The Mountain Goats, Jeffrey Lewis & The Jitters
This is about an apt a pairing as you’ll find all this week. Folk-singer … er, sorry, anti-folk-singer Jeffrey Lewis has made an unusual move this year by releasing an entire album of cover versions of one band’s output. 12 Crass Songs (Rough Trade) is just that, but much, much more. Lewis has leavened the of-course-they-fucking-do! vitriol of the Essex anarcho-communal punks with his own regular-guy warmth, to create a winning hybrid; the shout-along tunes retain their righteousness, but sound far less like pedantic polemics.

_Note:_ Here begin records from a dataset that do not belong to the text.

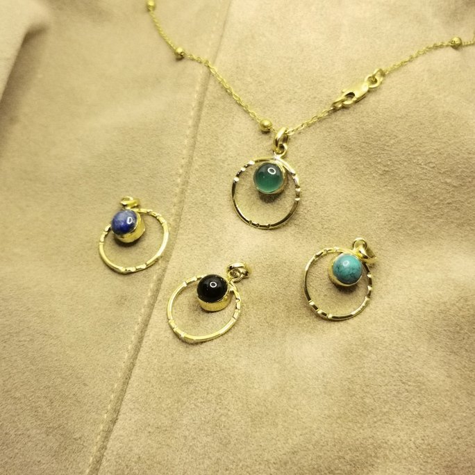 Naturale ciondolo in ottone Stone con pietra incastonata. Gioiello artigianale in ottone che valorizza la bellezza delle gemme naturali.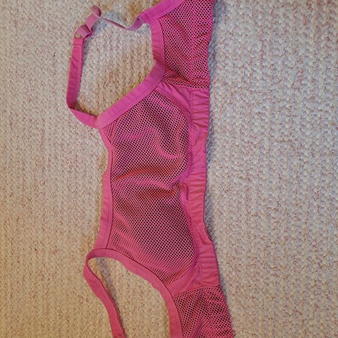Laadukas vähän käytetty napakka urheiluliivi. Alareunan ympärys 74cm. En muista merkkiä ja merkinnät irronneet pesussa.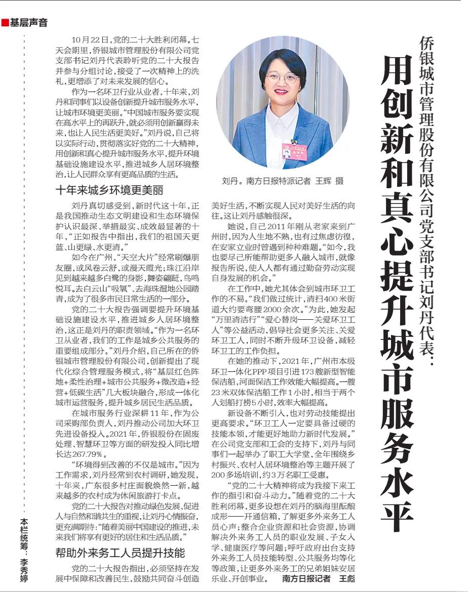 作为一名代表广东奋战在最基层的城市服务界、环卫界、民营企业界的共产党员,作为一名肩负9600多万名党员的信任重托、承载14亿多人民的殷切期待的党代表,刘丹的奋斗事迹、代表心声以及她服务的城市管理行业,受到人民日报、中央电视台、南方日报、广州日报等权威媒体的采访聚焦报道,一起看看。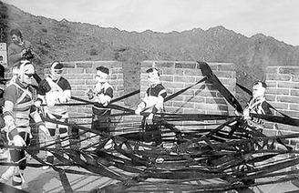 1988年10月,盛奇等人在北京古长城遗址完成行为艺术“观念21·太极”。艺术家用布把一批舞蹈学生捆扎起来,形成一个黑色的蜘蛛网。盛奇则在网中困难地打着太极。他的表演被认为暗示着传统与现代之间的鸿沟不可逾越。其中长城与太极作为传统文化的象征。

Headliner the Mountain Goats – basically lyricist-guitarist John Darnielle and bassist Peter Hughes, with supporting musicians – are touring a new and poignant disc, Heretic Pride (4AD). Darnielle has that Becker & Fagen-like way of talking around his subject matter: You’d never know he was singing songs about his chance encounters with chicks at death-metal clubs, or various odes to monsters and eerie things from the Goats’ delicate folk-rock tunes, and certainly not by Darnielle’s scrupulous avoidance of an outright explanation. (He saves those for the press notes.) But as far as lyrical eloquence in modern rock goes, there’s few who can currently touch him. (Tue.-Wed. at the Troubadour, 9081 Santa Monica Blvd., West Hollywood, 310-276-6168 or Troubadour.com.)